Brief — Copy exactly, beginning with the line holding "Dieser Sommer wird" and ending with the final line of the data beneath this task; copy nothing else, and leave out every picture.

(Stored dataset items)
┏━━

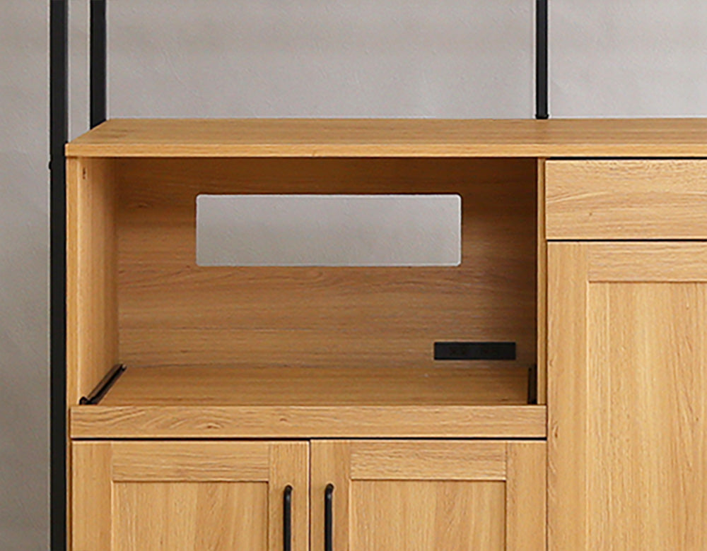 出し入れしやすいスライドトレーには2口コンセントがついており炊飯器など置くのにピッタリです。
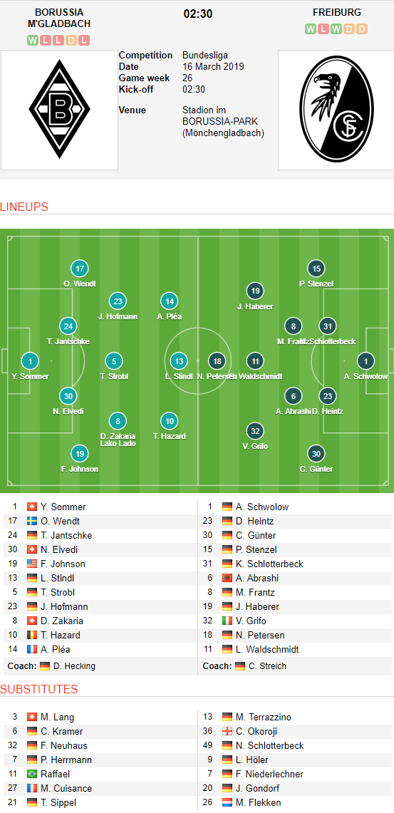 + Gladbach vs Freiburg (Vòng 26 giải VĐQG Đức, Bundesliga)
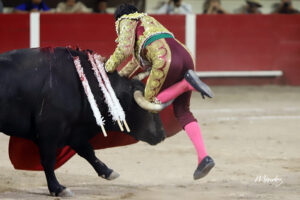 Recibió una espeluznante voltereta mientras toreaba a su segundo toro en Aguascalientes en la corrida del pasado lunes
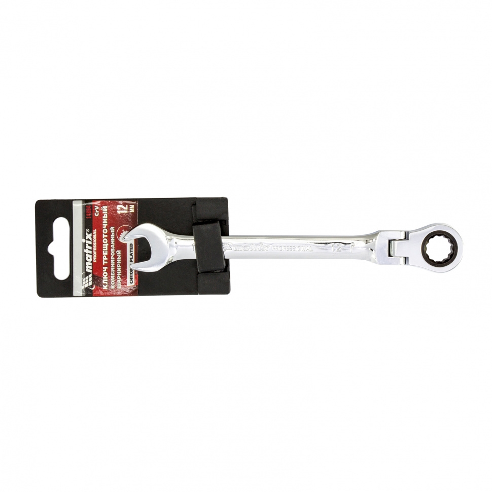 Ключ комбинированный трещоточный шарнирный зеркальный хром 12 мм CrV Matrix
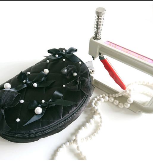 ハンドメイド初心者も簡単に装着できる専用の機械を使ってホチキスのようにパール打ち付け機械で、手持ちのアイテムを簡単にパールやパーツで装飾します。
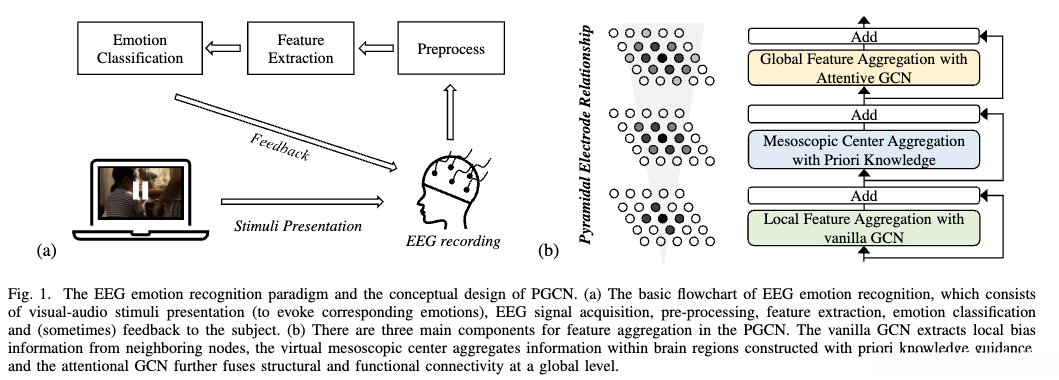 与之前大多只使用二维电极关系进行GCN构建的工作相比,PGCN将节点之间的绝对位置、相对位置和数值关系融合到网络中,同时借鉴情感相关的神经科学先验研究,构建大脑区域的虚拟中观中心。为了实现这一目标,我们构建了PGCN,它从局部、中观到全局三个层次聚合EEG特征。本工作的主要贡献如下:
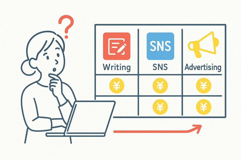 第一に 職種の一点集中 です。候補は「ライティング」「SNS運用」「広告サポート」の3つ。
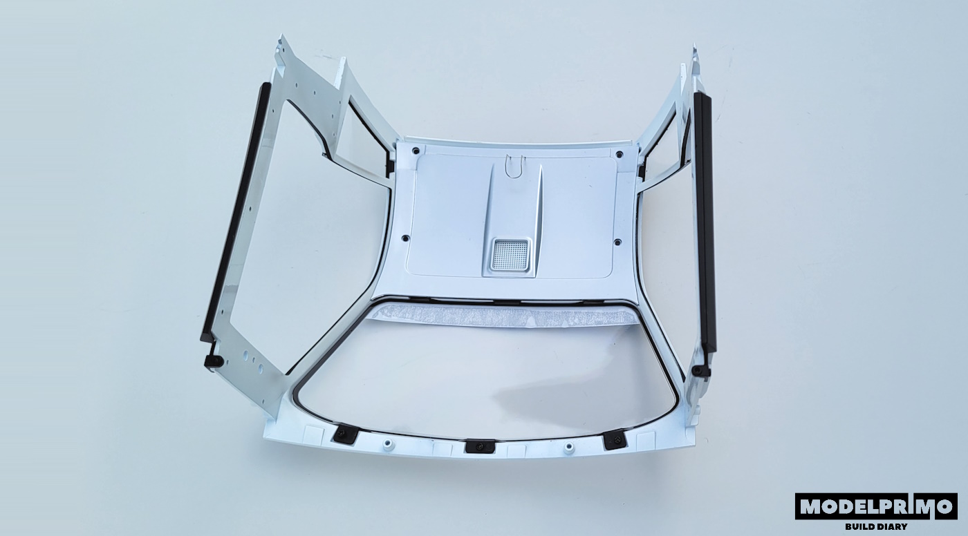 Kolejne elementy to elementy wnętrza - podsufitka wraz z kratką i uchwytem na kask.
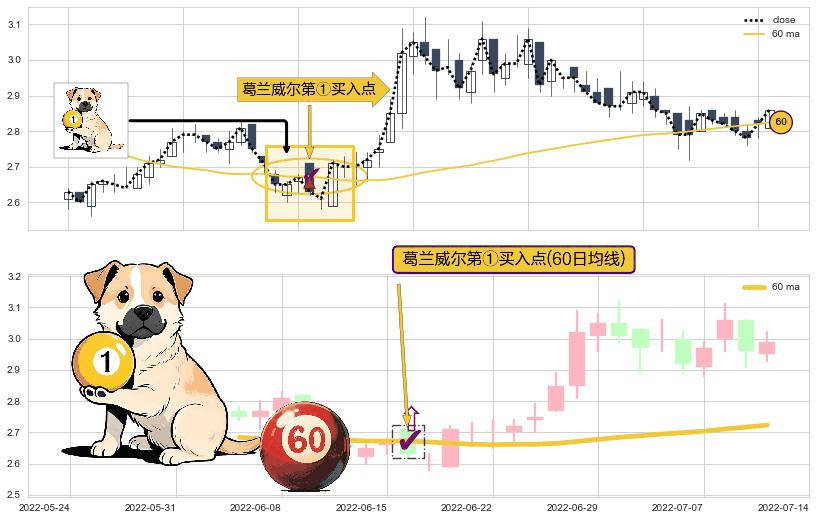 ⚀ 2022-06-16-日显现 葛兰威尔均线 60日均线 第买①入点 走势反转见底信号,后市看涨,买进信号
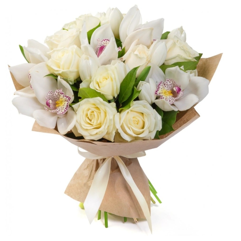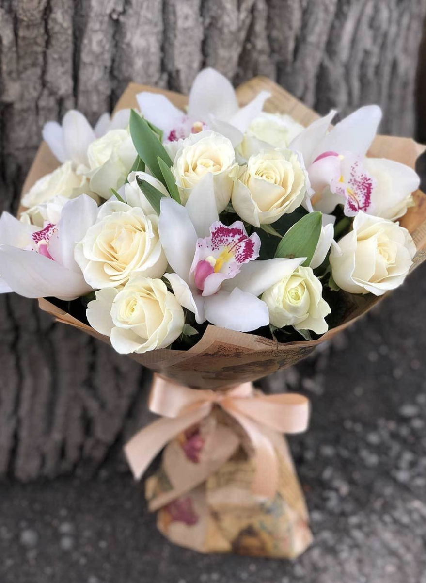 Головна / Квіти / Квіти / Орхідеї / Ніжний букет із білих троянд та орхідей
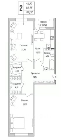 В интерьере использованы качественные материалы и надёжное оборудование: итальянская сантехника, оригинальная немецкая электрика ABB, тёплый пол польского производства в четырёх зонах — коридоре, кухне, санузле и на утеплённом балконе. Установлены умные проходные выключатели освещения и мастер-выключатель, благодаря которым управлять светом удобно из любой точки квартиры. Идеальный вариант для тех, кто ищет современное жильё с качественной отделкой и функциональными решениями.
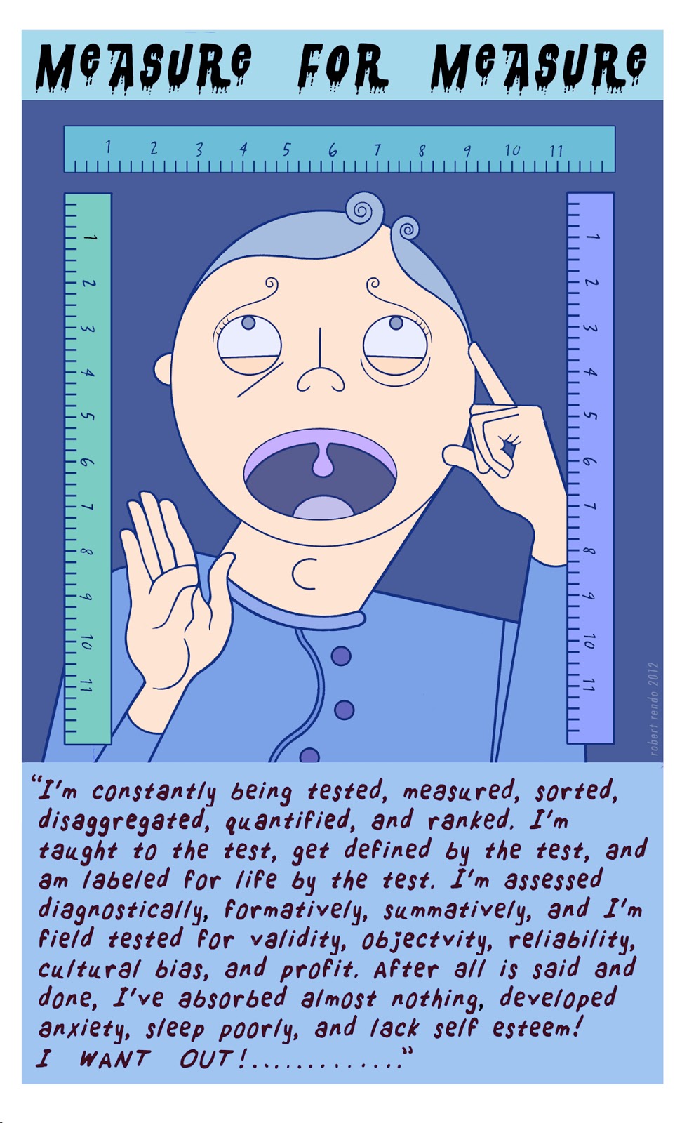 In our frozen state of history, education has become a simulacrum, a referent-less sign. Students are forced to take a mountain of standardized tests despite the fact that the tests signify nothing. They do not represent learned material or acquisition of skills (Leistyna, 2007). And still, republicans and democrats alike urge accountability based solely on these test scores. Schools are punished based on these test scores. Privatization is hailed as the cure all for the woes of the public education system (McLaren, 2007). The public ethos and the system of public education itself is branded as socialist, backwards, inefficient and corrupt. It is dismantled and replaced with private schools, virtual for-profit schools and religious schools. All the while test companies such as Pearson rake in billions of dollars to produce tests that are not even scientifically valid.
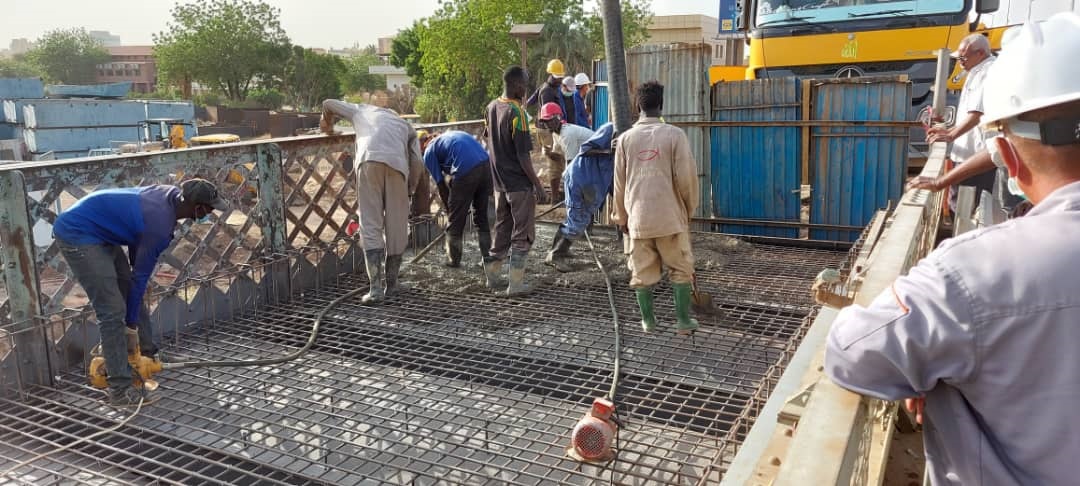 انطلاق عمليات الصب الخرصاني للمسار الغربي بجسر النيل الازرق
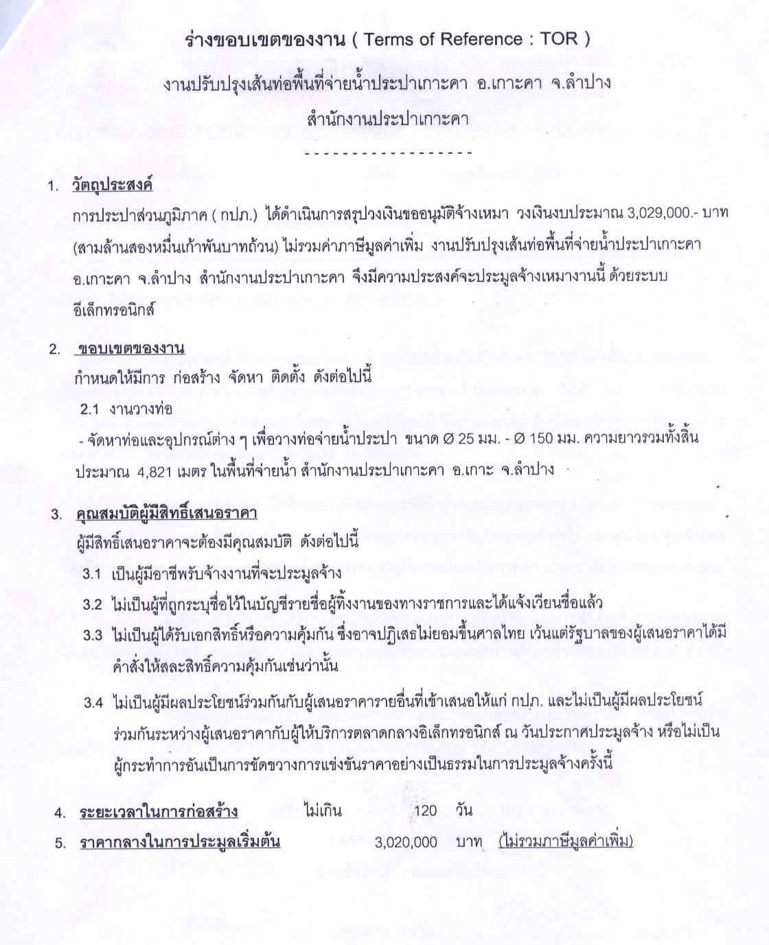 ชื่อโครงการ : งานจ้างเหมาปรับปรุงเส้นท่อพื้นที่จ่ายน้ำประปาเกาะคา อ.เกาะคา จ.ลำปาง ด้วยวิธีการทางอิเล็กทรอนิกส์ (E-Auction)
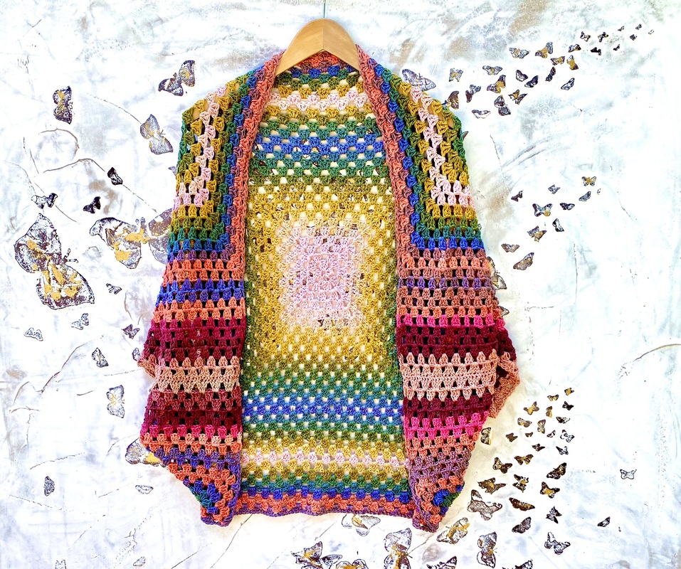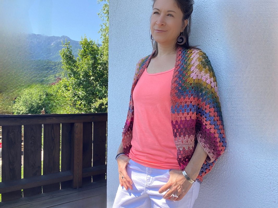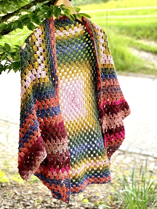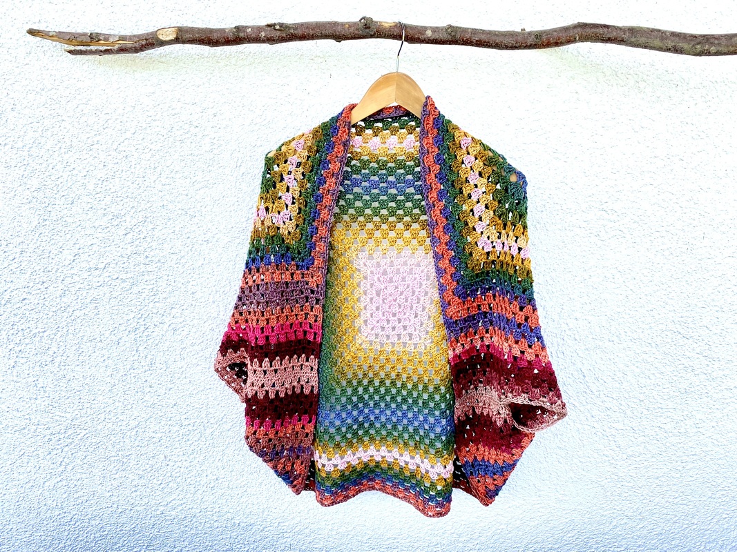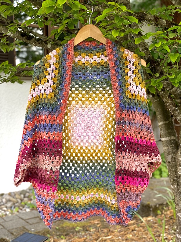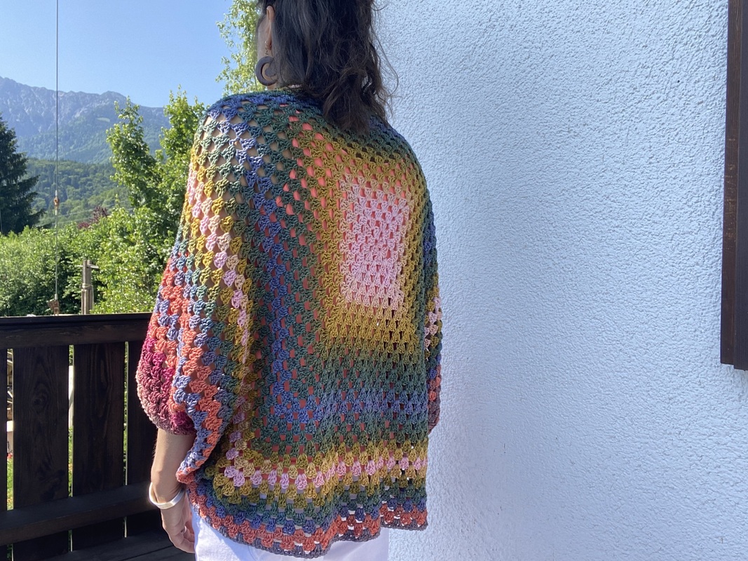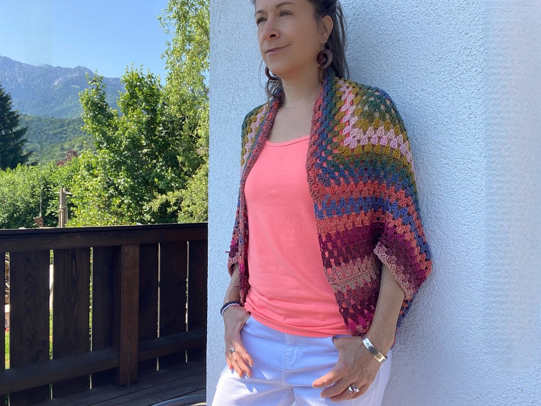 Dieser Sommer wird bunt! Nach dem V-Neck Shirt kommt nun ein fröhlicher Seelenwärmer im angesagten Hippie-Boho-Style daher! Er wird zunächst als Granny Square gehäkelt und dann noch etwas verändert. Es gibt vier verschiedene Größen. Der Seelenwärmer kann aber auch auf jede beliebige Größe angepasst werden.
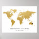 Guldvärldskarta och anpassade namn eller annan text och hjärtmarkör är vacker som konstverk för ett par med wanderlust eller använd som alternativ gästbok för bröllop med resatema, evenemang på destination, och bar mitzvah- och bat mitzvah-firanden med resatema och baby- eller brudshower.
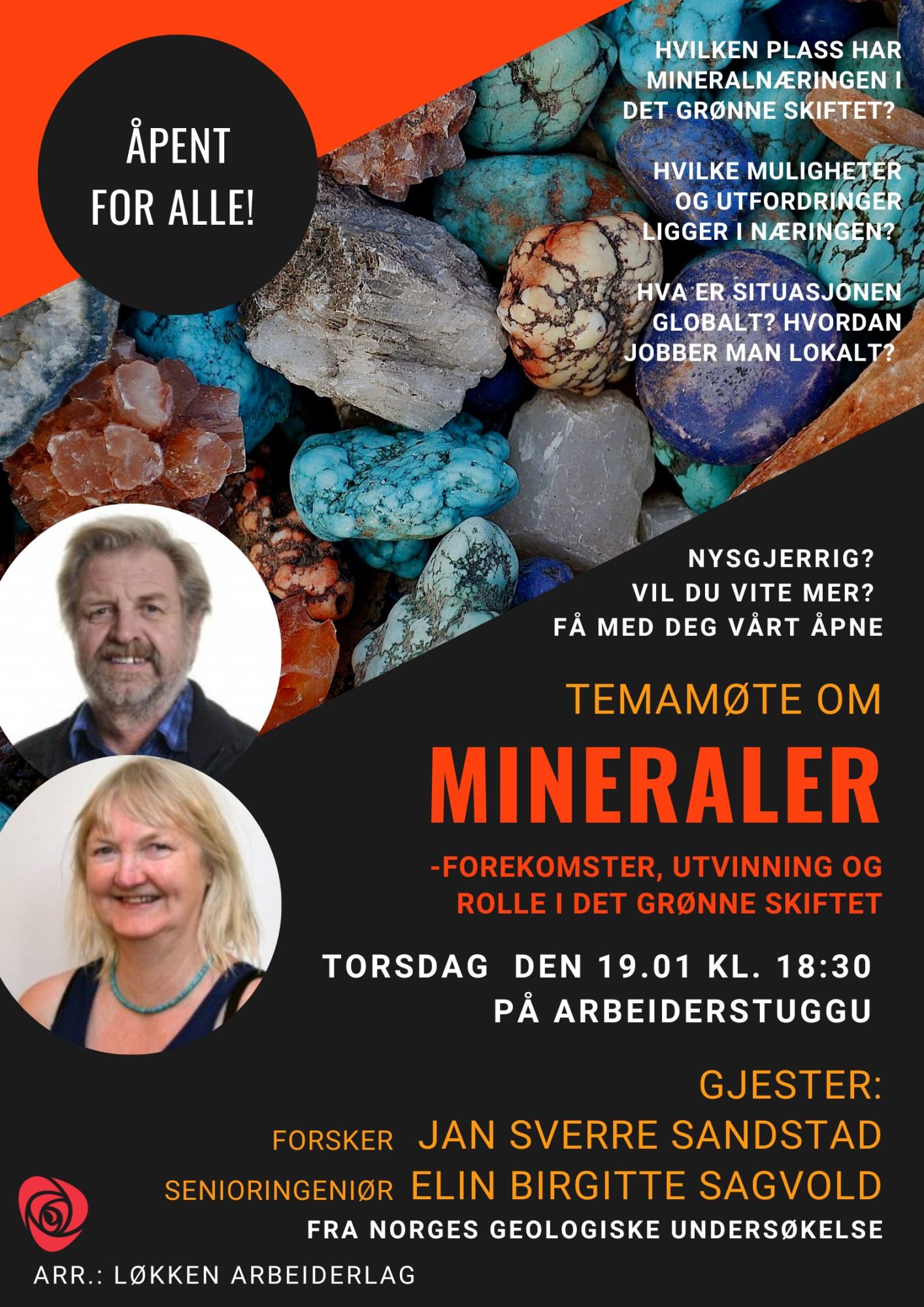 Åpent temamøte om mineraler: mineralforekomster, mineralutvinning, næringens rolle inne i det grønne skiftet, muligheter og utfordringer.

┗━━

Answer section —
 Dieser Sommer wird bunt! Nach dem V-Neck Shirt kommt nun ein fröhlicher Seelenwärmer im angesagten Hippie-Boho-Style daher! Er wird zunächst als Granny Square gehäkelt und dann noch etwas verändert. Es gibt vier verschiedene Größen. Der Seelenwärmer kann aber auch auf jede beliebige Größe angepasst werden.
 Guldvärldskarta och anpassade namn eller annan text och hjärtmarkör är vacker som konstverk för ett par med wanderlust eller använd som alternativ gästbok för bröllop med resatema, evenemang på destination, och bar mitzvah- och bat mitzvah-firanden med resatema och baby- eller brudshower.
 Åpent temamøte om mineraler: mineralforekomster, mineralutvinning, næringens rolle inne i det grønne skiftet, muligheter og utfordringer.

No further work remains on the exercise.